Несомненно, современное представление об институте брака является громадным шагом вперед по сравнению с более ранним фамильным браком, который полностью отрицал сексуальные чувства. Однако это по-прежнему пародия на сакральную любовь, потому что она не отличает профанское от священного, считая, что они несовместимы, то есть единообразны.[79]
Одним из известнейших сторонников современного христианского брака является католически мыслящий протестант Дели де Ружмо, известная работа которого «Любовь в современном мире» — это одновременно удивительное разъяснение и глобальное искажение различий между сакральной и профанской любовью. Суть его рассуждений в том, что зрелая сексуальная любовь есть посвящение себя другому человеку. Такая любовь отлична от плотского вожделения или страсти, которые он называет влюбленностью во влюбленность. В частности, страсть он считает преувеличением субъективных переживаний, которое наступает в результате отказа от полового акта с платонической возлюбленной. Однако де Ружмо скорее всего ошибается, когда утверждает, что страсть трубадуров относится к «чистому эротизму» или «языческой любви» и поэтому противоречит христианским идеалам брака. Он считает, что в этих двух разновидностях любви женщина является всего лишь предлогом к экстазу, который является неудовлетворенной страстью или эгоистическим вожделением. Однако все здесь не так просто, как может показаться, потому что именно придворная любовь дала современному христианству идею о святом бракосочетании, в котором сексуальность может слиться с личностной любовью.
Следует подчеркнуть, что в первые столетия существования христианства никто не предпринимал попыток возвысить сексуальные чувства до идеалов божественной любви. Половое сношение между мужем и женой почиталось чистым в той мере, в которой оно было коротким совокуплением с целью продления рода. Жену любили и уважали, поскольку, обладая бессмертной душой, она была подобна мужчине. Испытывать вожделение к своей жене было подобно прелюбодеянию. Таким образом, именно у манихейцев и трубадуров христиане научились персонифицировать сексуальную любовь, го есть не торопиться удовлетворять желания — в результате чего оно направлялось не на безличностные органы и части тела женщины, а на всю ее индивидуальность. Поэтому современные представления о браке занимают промежуточное место между раннехристианскими и придворными, потому что они позволяют страсти развиться настолько, чтобы отношения персонифицировались, но при этом, в противоположность традициям трубадуров, они допускают мужской оргазм, чтобы рождать детей и не превращать страсть в самоцель. Между тем исторические основания этой идеи не совсем христианские.

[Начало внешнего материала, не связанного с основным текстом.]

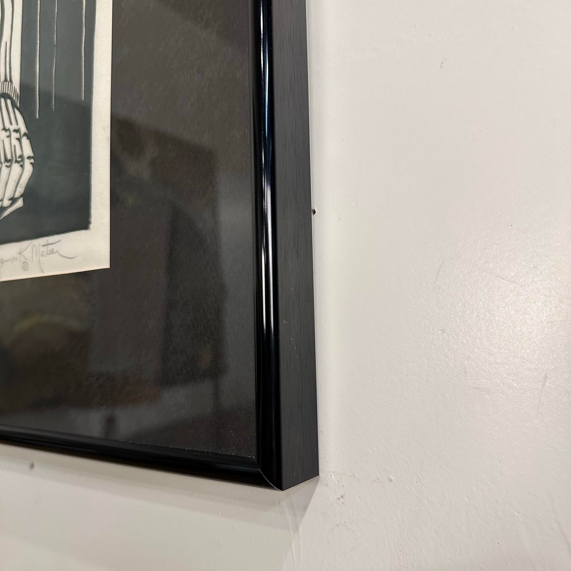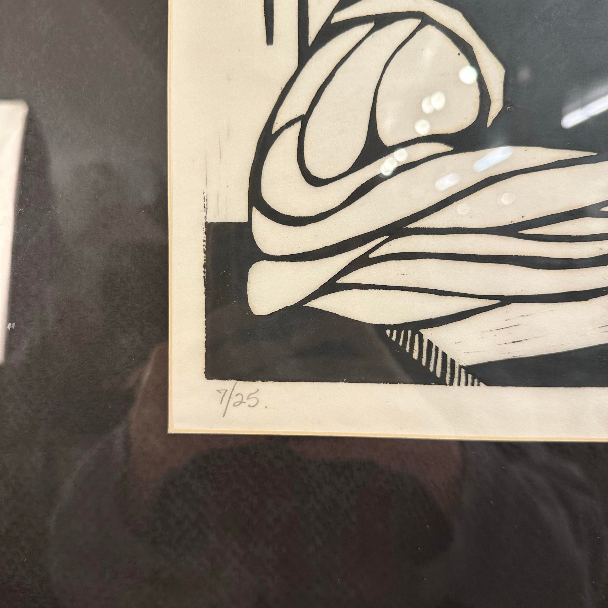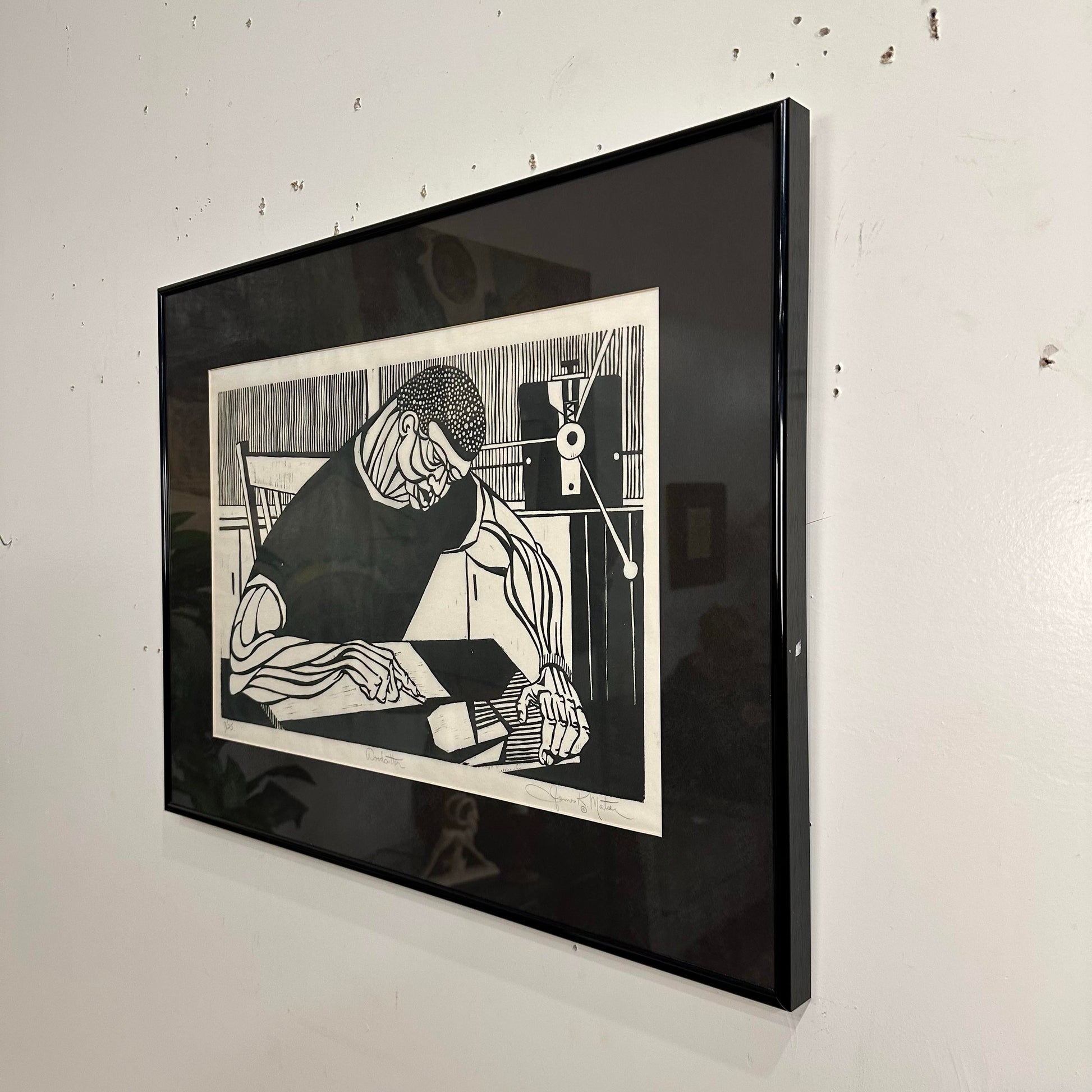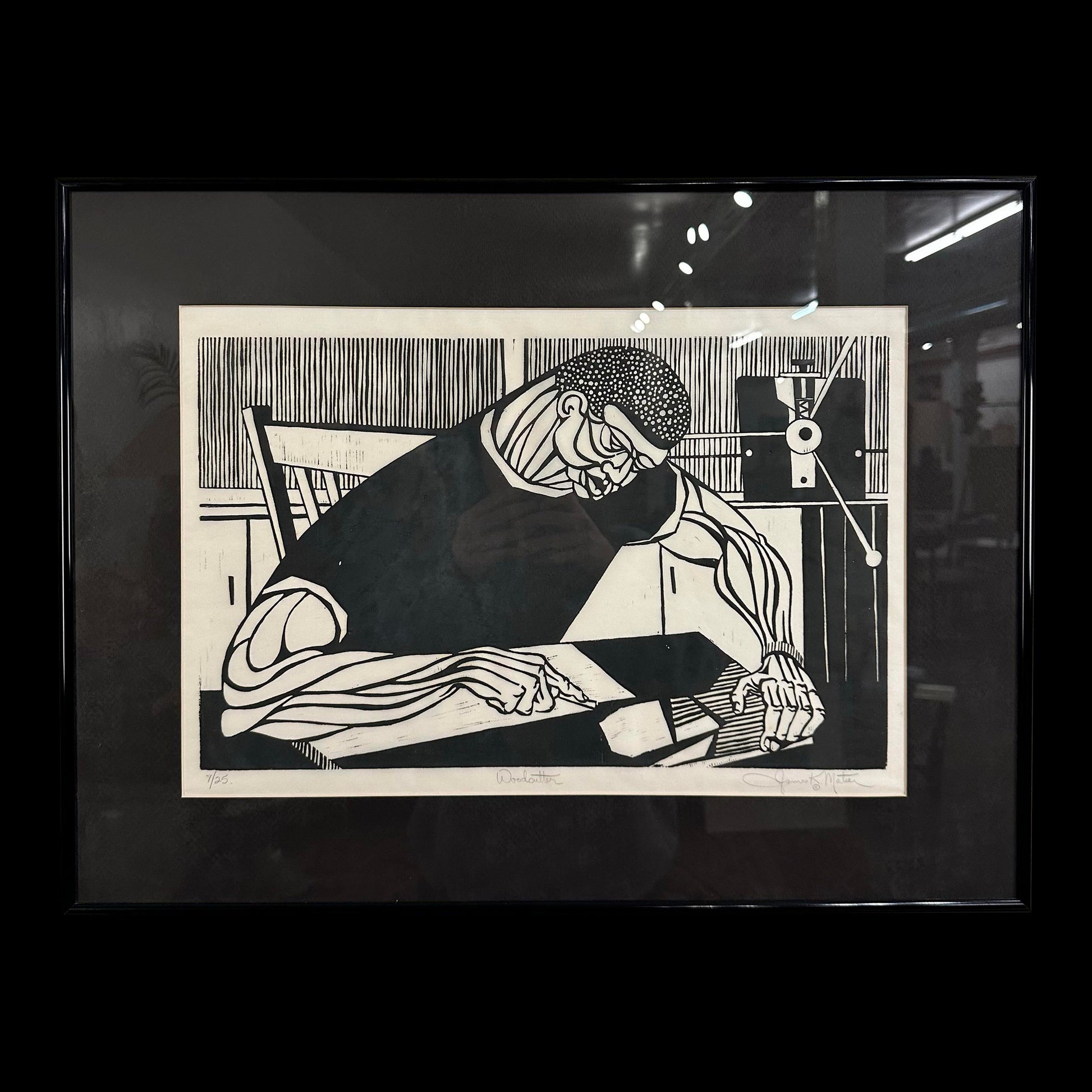 Relief print by James Mateer titled "Wood Cutter" numbered 7 of 25. This piece is depicting an artist carving a block print. Presumably this is a self portrait of the artist. James Mateer was a Cleveland, OH artist who graduated from Cleveland Institute of Art and passed in 2011.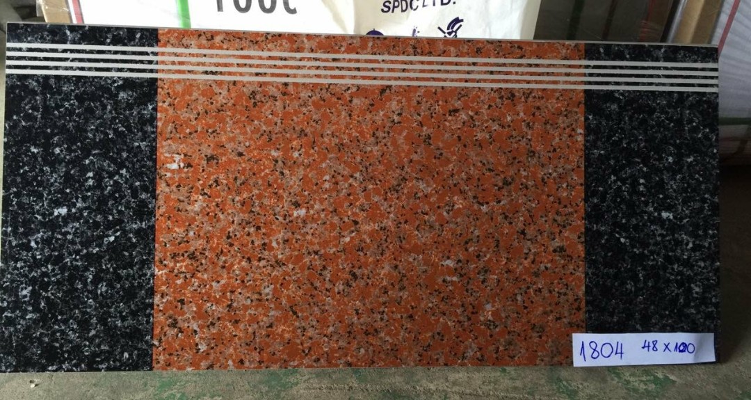 Hình ảnh gạch đá ốp lát bậc cầu thang giả đá hoa cương đỏ viền đen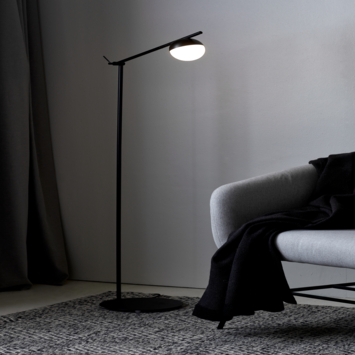 Contina est une lampe sur pied moderne en métal noir mat avec de nombreuses possibilités. La lampe est orientable des deux côtés et la partie supérieure du cadre est réglable en hauteur, elle peut donc répondre à plusieurs besoins.

Но даже в таком виде христианское представление о браке не позволяет судить о том, что такое сексуальные отношения на сакральном уровне. Это очевидно уже хотя бы из того, что де Ружмо отождествляет сакральный элемент в браке с верностью профанскому юридическому контракту между партнерами. По его мнению, достоинство человека измеряется тем, насколько сильна его воля, — насколько он может держать слово, быть верным раз и навсегда принимаемому решению жить вместе с супругом вопреки всем невербальным, природным, плотскими эмоциональным влияниям. По его мнению, это абсурдно со всех практических точек зрения, однако именно в этом божественная абсурдность христианства, о котором Тертуллиан сказал: «
Отказываясь от любых рационалистических и гедонистических соображений, я предлагаю говорить об обете, который соблюдается лишь потому, что он абсурден, что он был дан один раз и теперь является абсолютом, навсегда соединившим мужа и жену как личностей… Я утверждаю, что верность, понимаемая таким образом, как ничто другое, помогает нам стать личностями. Качества личности проявляются в ее поведении. Наши личностные черты создаются как произведение искусства. Они творятся так, как мы производим вещи… Ведь ни страсть, ни еретическая вера, из которой она возникает, не смогли бы вдохнуть в нас веру в то, что цель наших жизней — подчинить себе Природу.[81]